Do you see a "parameters at the top level with named views" version of this Vega-Lite schema that is allowed? https://vega.github.io/vega-lite/examples/interactive_layered_crossfilter.html Or should we just resign ourselves to our strategy not working for this example at the moment?
Great progress @ChristopherDavisUCI! Well done.
Regarding the repeat
operator, yes, let's not focus too much on this in this PR.
I tried a few things and I think this is working pretty good.
Still a question: In https://github.com/altair-viz/altair/pull/2671#issuecomment-1244085790 there were 4 scenarios from which only scenario 1 was working. Now scenario 2 also works with the latest changes, but scenario 3 & 4 do still give errors.
Do you think this is something that should be resolved within this PR?
I had another go using repeat
and params
: https://github.com/vega/vega-lite/issues/6890#issuecomment-1266821631. It seems there is more possible than first anticipated (I think we want option 3 & 6, but is option 2 also acceptable here?).
Those six examples you provided https://github.com/vega/vega-lite/issues/6890#issuecomment-1266821631 are super helpful @mattijn.
I haven't wrapped my head around the different scenarios yet. Just as a big-picture overview, do you think your option 6 will give us a way to produce this example with the params
at the top level?
https://vega.github.io/vega-lite/examples/interactive_layered_crossfilter.html
(At least in this PR, I think we should try to consistently have params
appear at the top level.)
Yes I think so. We should at least be able to get a Vega-Lite spec that compiles. The interaction and axis will not be perfect, since these VL-bug(s): https://github.com/vega/vega-lite/issues/8446, which is hopefully a duplicate of https://github.com/vega/vega-lite/issues/8348, but we should be able to get a chart that renders.

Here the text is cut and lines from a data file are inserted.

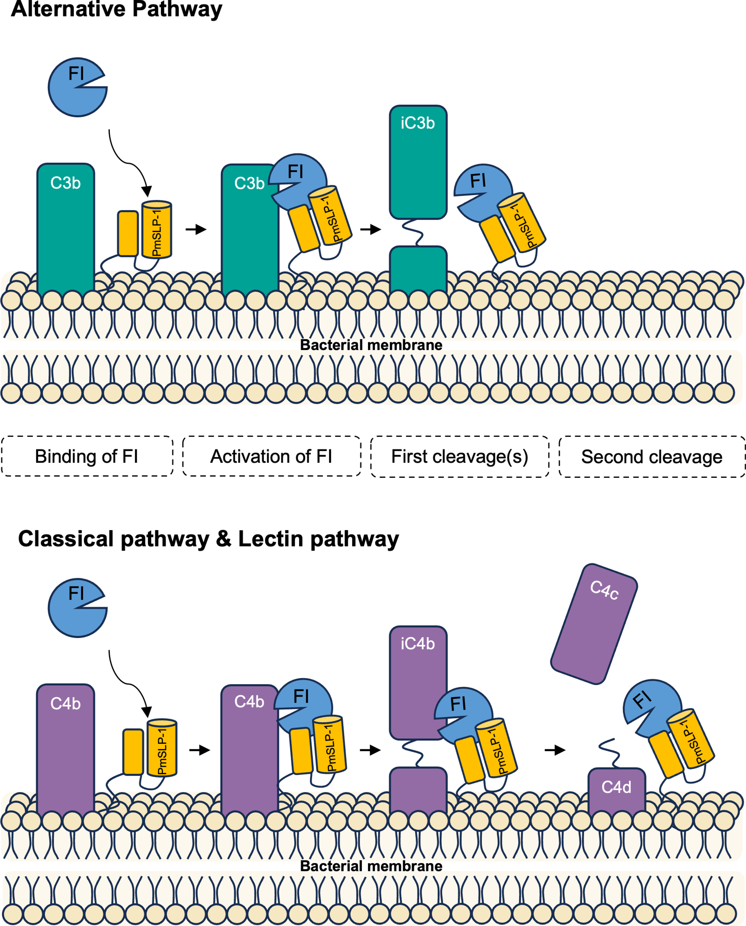 Pasteurella multocida is the leading cause of wound infections in humans following animals’ bites or scratches. This bacterium is also commonly found in the respiratory tract of many mammals and can cause serious diseases resulting in the rapid death of infected animals, especially cattle. To prevent these infections in cattle, a subunit-based vaccine utilizing the surface lipoprotein PmSLP was developed and showed remarkable protection with a single dose administration. Here, we report that PmSLP binds host complement factor I (FI) and facilitates cleavage of complement components C3b and C4b independently of any cofactors (e.g., FH, C4BP), thereby allowing the pathogen to evade host defence. Cryo-EM structure of PmSLP bound to FI reveals that PmSLP stimulates FI enzymatic activity by stabilizing the catalytic domain. This is the first time that a bacterial protein has been shown to directly activate FI independent of complement cofactors and target all arms of the complement cascade.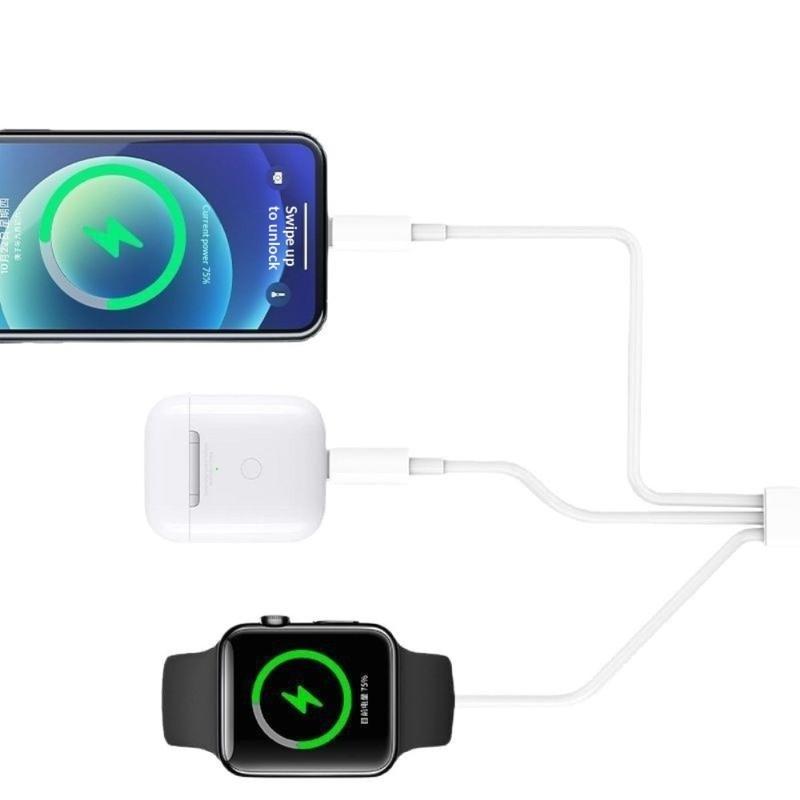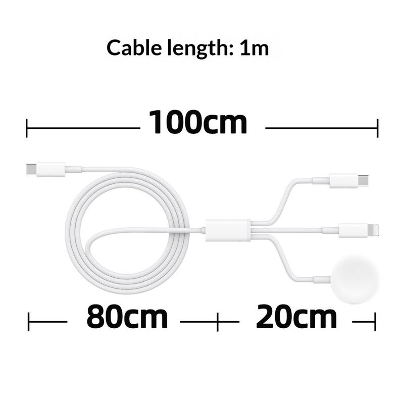 3-i-1-laddningskabeln är utformad för att förenkla den dagliga laddningen genom att kombinera flera funktioner i en praktisk kabel. Den stöder trådlös laddning för Apple Watch, vilket gör den till en idealisk lösning för skrivbord, nattduksbord och resor.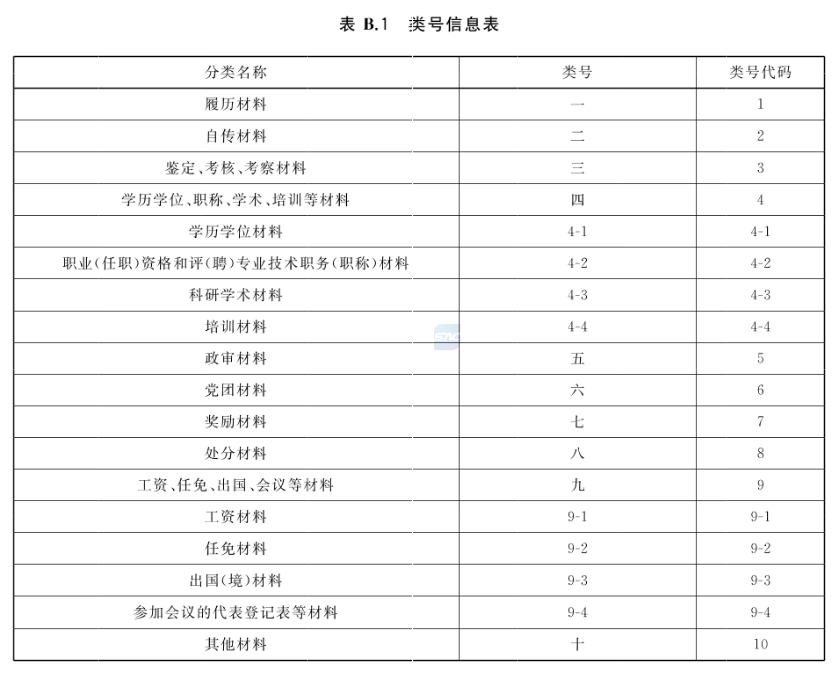 干部人事档案内容应分为十类:其中第四类和第九类分为4小类。分类的编号,形式为大写一到十。其中第四类中的小类用4-1到4-4表示,第九类中的小类用9-1到9-4表示,见表B.1。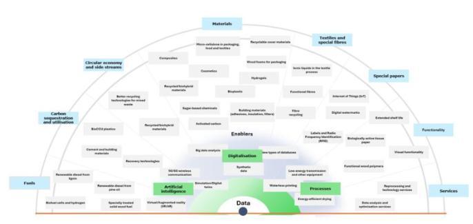 Интересно и немного удивительно, что центральным элементом на рисунке является не «древесина», а «данные». Лесная промышленность является и будет оставаться переработчиком древесины, но все чаще она становится также пользователем и переработчиком данных. Например, перерабатывающие предприятия этого сектора используют интернет вещи и машинное обучение для автоматизации процессов, что позволяет сократить потребление энергии и воды и повысить производительность. Данные и искусственный интеллект также используются в начале цепочки создания стоимости, в лесопользовании. Это может улучшить урожайность лесов и раннее обнаружение повреждений лесов, например.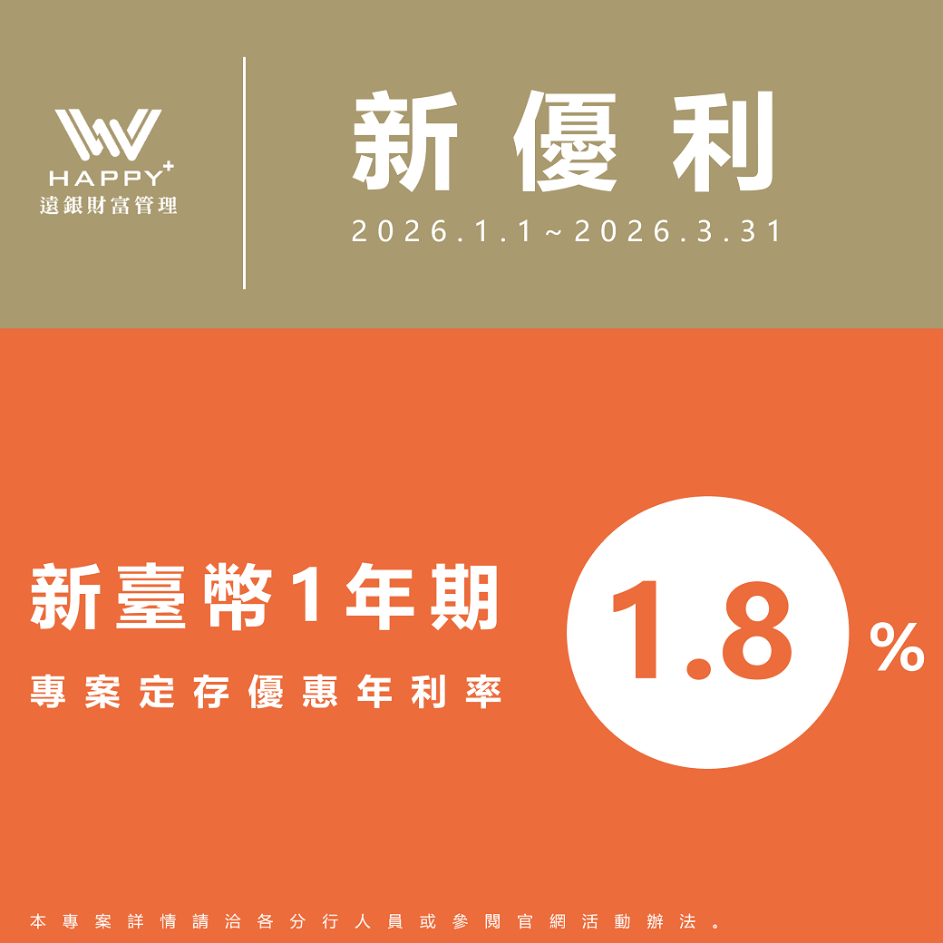 2026限量優惠 遠銀定存1.8%搭配活存1.4%打造雙重防護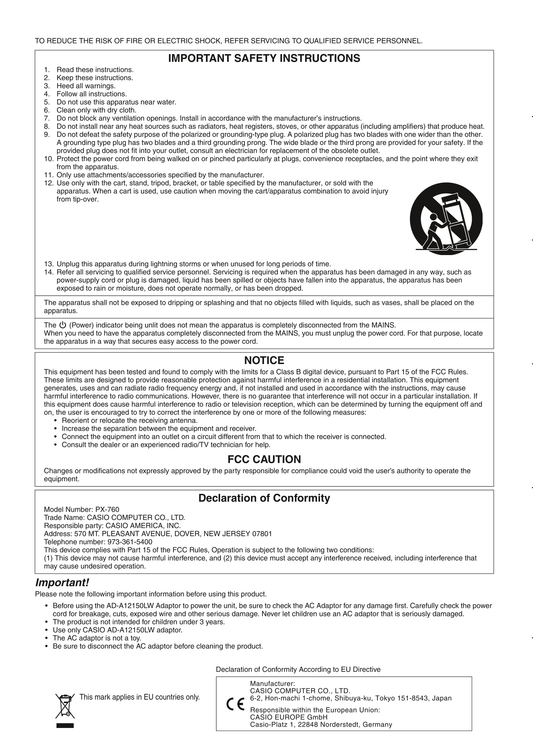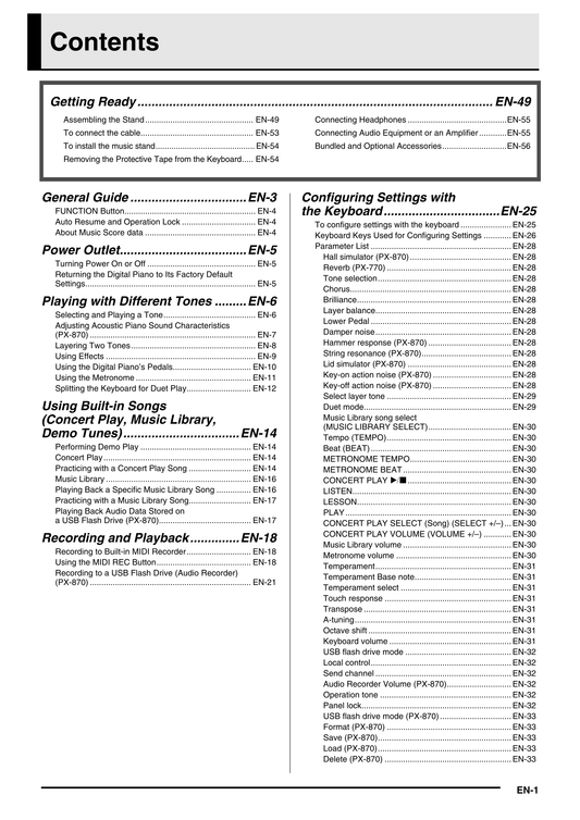 Casio PX-770 & PX-870 Keyboard Piano Owner's/ User Manual (Pages: 63)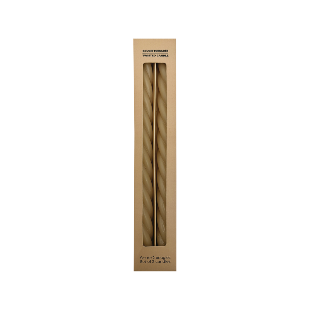 Beige Twisted Taper Candles – Set of 2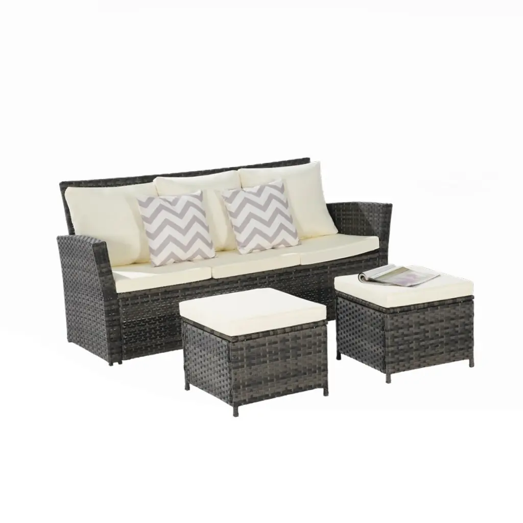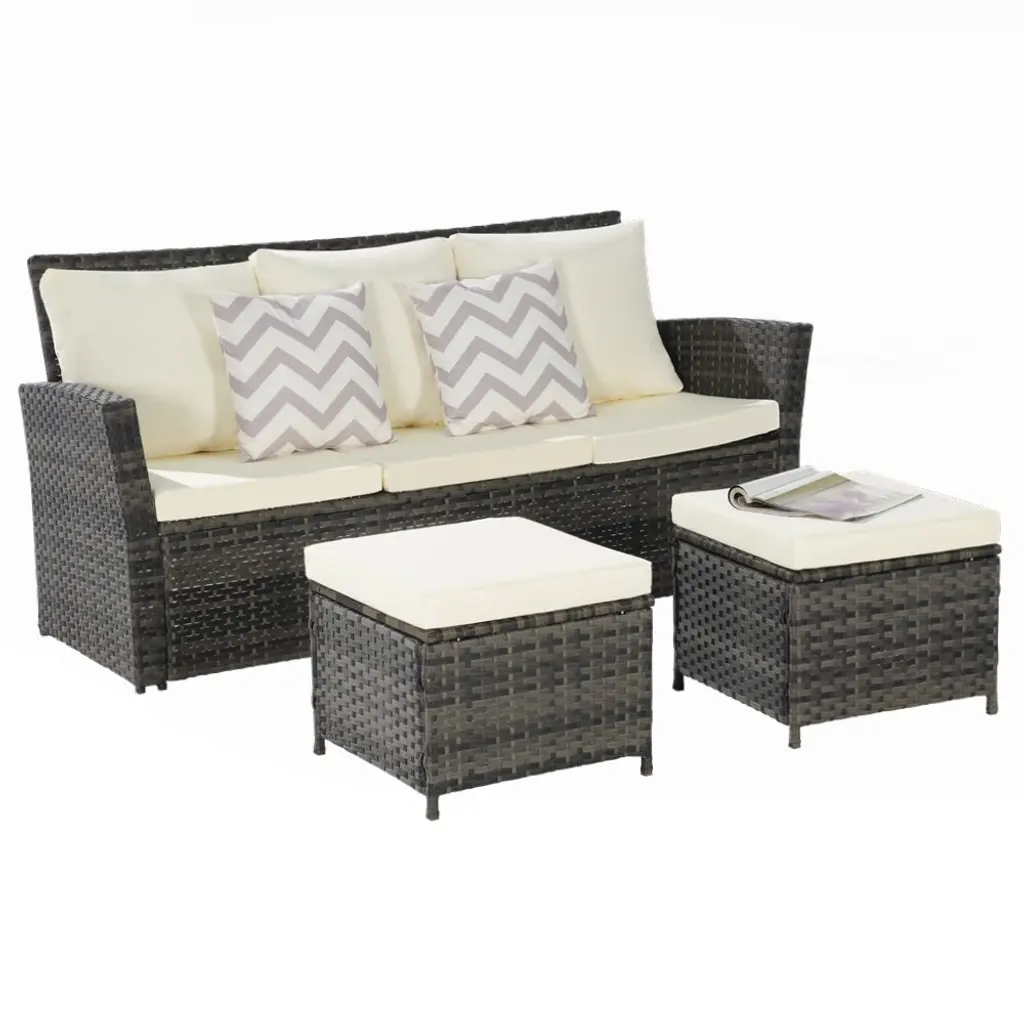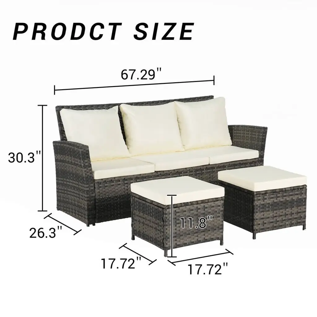 3 Piece Wicker Sofa Rattan Patio Conversation Sets - Beige
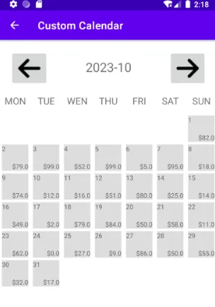 override fun onCreate(savedInstanceState: Bundle?) { super.onCreate(savedInstanceState) binding = CalendarLayoutBinding.inflate(layoutInflater) setContentView(binding.root) calendarAdapter = CalendarAdapter(baseContext, mutableListOf()) updateMonth() title = "Custom Calendar" supportActionBar?.apply { setDisplayHomeAsUpEnabled(true) } binding.btnPrevDate.setOnClickListener { currentDate.add(Calendar.MONTH, -1) updateMonth() } binding.btnNextDate.setOnClickListener { currentDate.add(Calendar.MONTH, 1) updateMonth() } binding.customCalendarDays.apply { adapter = calendarAdapter } } -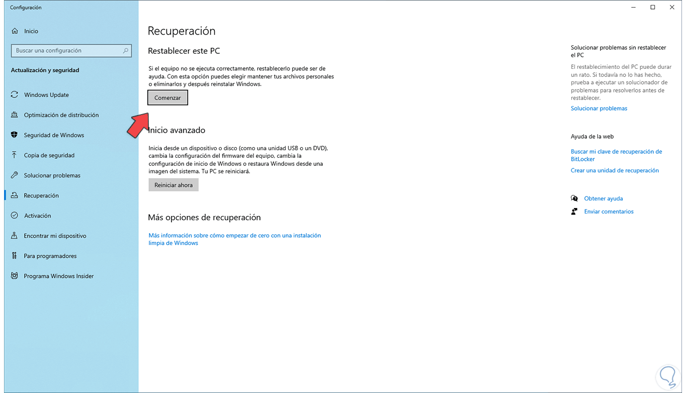Se abrirá lo siguiente. Damos clic en "Comenzar" en la sección “Restablecer este PC”
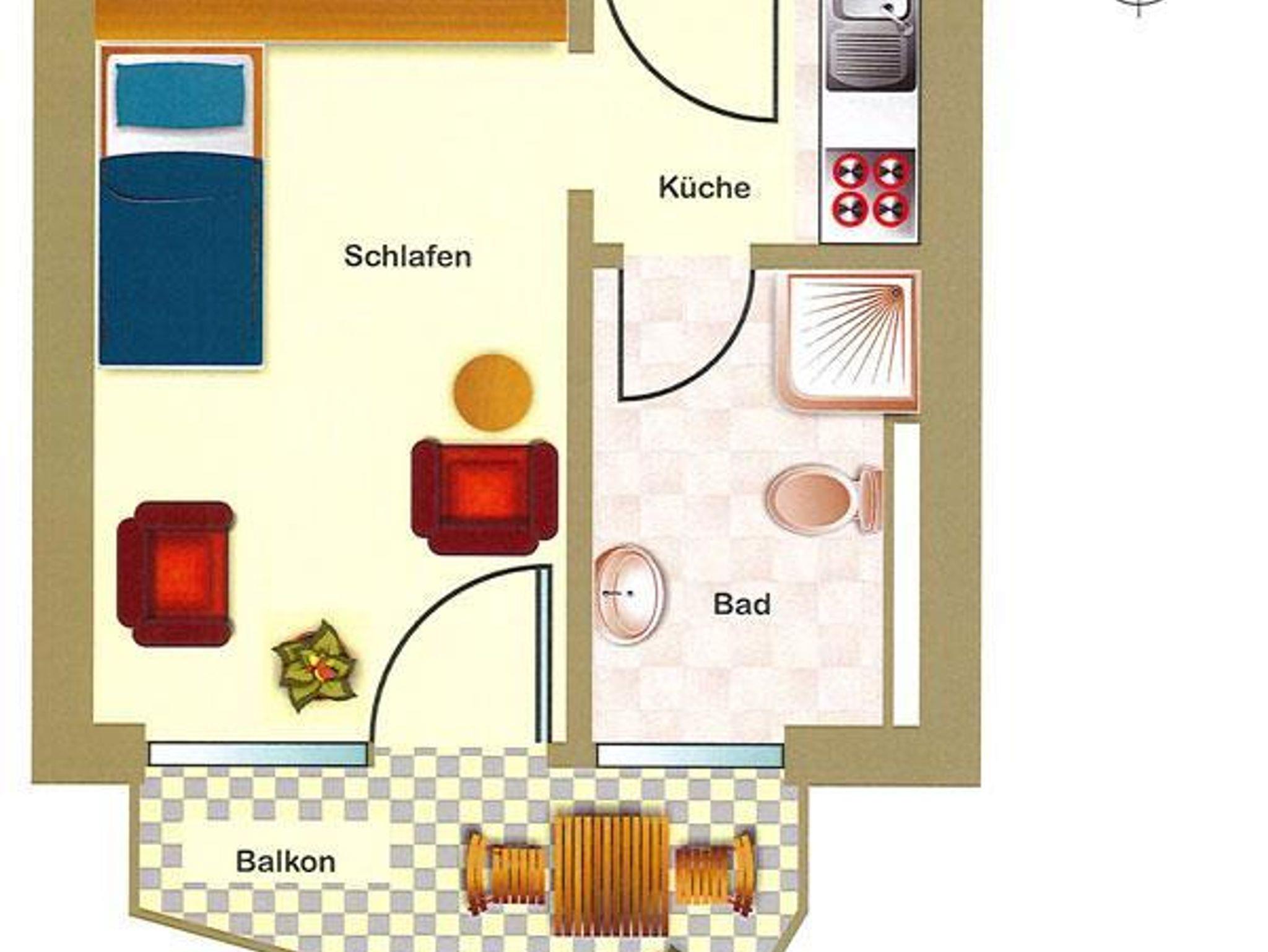 „Klein Wangerooge” 15 qm, 1. Etage, Wohn-Schlafzimmer, Kochnische, Dusche/WC, Balkon. Belegung 1 Person. Separat oder zubuchbar zu Baltrum oder Wangerooge als zweite Schlafgelegenheit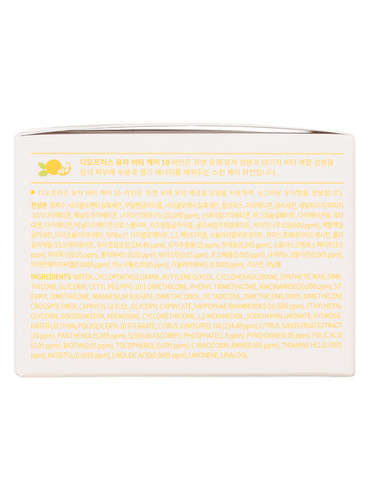 Water, Cyclopentasiloxane, Butylene Glycol, Cyclohexasiloxane, Synthetic Wax, Dimethicone, Glycerin, Cetyl Peg/Ppg-10/1 Dimethicone, Phenyl Trimethicone, Niacinamide, Stearyl Dimethicone, Magnesium Sulfate, Dimethiconol, Panthenol, Octadecene, "Dimethicone/Vinyl Dimethicone, Crosspolymer", Caprylyl Glycol, Glyceryl Caprylate, Citrus Junos Fruit Extract, Limonene, Hippophae Rhamnoides Oil, Disodium Edta, Ethylhexylglycerin, Adenosine, Citrus Junos Peel Oil, Cyclomethicone, 1,2-Hexanediol, Sodium Hyaluronate, Linalool, Hydrogenated Lecithin, Polyglyceryl-10 Stearate, Sodium Ascorbyl Phosphate, Tocopheryl Acetate, Glyceryl Arachidonate, Glyceryl Linolenate, Biotin, Folic Acid, Pyridoxine, Retinyl Palmitate, Thiamine Hcl, Cyanocobalamin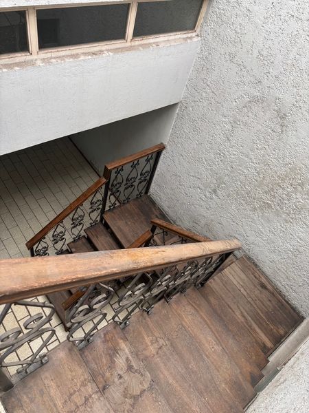 Cocina con barra de material (alacenas a reparar), sala y comedor amplios con una división de madera solida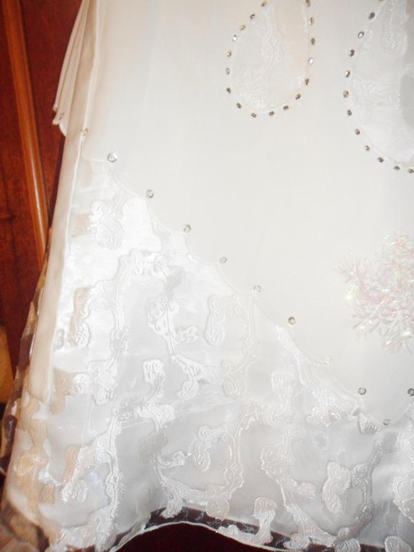 Виробник: Інший виробник Тип одягу: Плаття Продам дуже гарну сукню для дівчинки 9-11 років. Колір шампань. Можна використовувати для Новорічного ранку. (сніжинка) Одягалось 1раз на випускний 4 клас.В подарунок рукавички (пошили під замовлення) . Довжина сукні 92 див. Об'єм талії 36*2 см. Ширина плечей 31 см

If we instead focus on the Altair version of option 6, we can test better.
Here the Altair spec with repeat
commented out:
!python -m pip install git+https://github.com/ChristopherDavisUCI/altair.git@liftparams
import pandas as pd
import altair as alt
source = pd.read_csv('https://unpkg.com/[email protected]/data/weather.csv')
highlight = alt.selection_point(
nearest=True, on="mouseover", encodings=["x"], clear="mouseout"
)
rule = (
alt.Chart()
.mark_rule()
.encode(
x=alt.X("month(date):T"),
color=alt.value("black"),
opacity=alt.condition(highlight, alt.value(1), alt.value(0), empty=False),
)
)
line = (
alt.Chart()
.mark_line(point=True)
.encode(
x=alt.X("month(date):T"),
y=alt.Y("mean(precipitation):Q"),
#y=alt.Y(alt.repeat('repeat'), aggregate='mean'),
color=alt.Color("location:N"),
)
)
alt.layer(rule, line, data=source, height=200, width=200).add_params(
highlight
)#.repeat(repeat=["temp_max", "precipitation", "wind"])
If I add the repeat
operator and change the y
encoding to use the repeat
, I get the following error:
SchemaValidationError: Invalid specification
altair.vegalite.v5.schema.channels.OpacityValue, validating 'additionalProperties'
Additional properties are not allowed ('param', 'empty' were unexpected)
alt.RepeatChart(...)
This should compile, so we still miss something in the alt.RepeatChart()
?
Hi @mattijn, thanks for the continued testing! I think I got the RepeatChart issue fixed. I haven't thought yet about your scenarios 3 and 4 that you mentioned in https://github.com/altair-viz/altair/pull/2671#issuecomment-1244085790 (but can confirm they're still not working). I will think about that now.
Could you please take another look and see if things are now behaving mostly as you expected?
Is it obvious to you which tests have failed in the Python 3.9 build? On my end they seem to be passing.
Tests on Github Actions are failing because this PR in the altair_viewer
repository is not yet merged: https://github.com/altair-viz/altair_viewer/pull/51.
I test your latests changes and all seems fine to me. Nice!
I noticed there is still one assert
in your latest commits, you probably didn't want to include this: https://github.com/altair-viz/altair/pull/2684/commits/b79460deca9f7bb051d09956d1e8646f3c578c2e#diff-bbe4e187b18d242a366c820d023afd89041759cb96e4ec66c3f34559a72c2f9dR2332
Thanks as always for the feedback @mattijn. I think your four scenarios from https://github.com/altair-viz/altair/pull/2671#issuecomment-1244085790 are currently working. Could you please check and see if you agree? Anything overall that seems not to be working?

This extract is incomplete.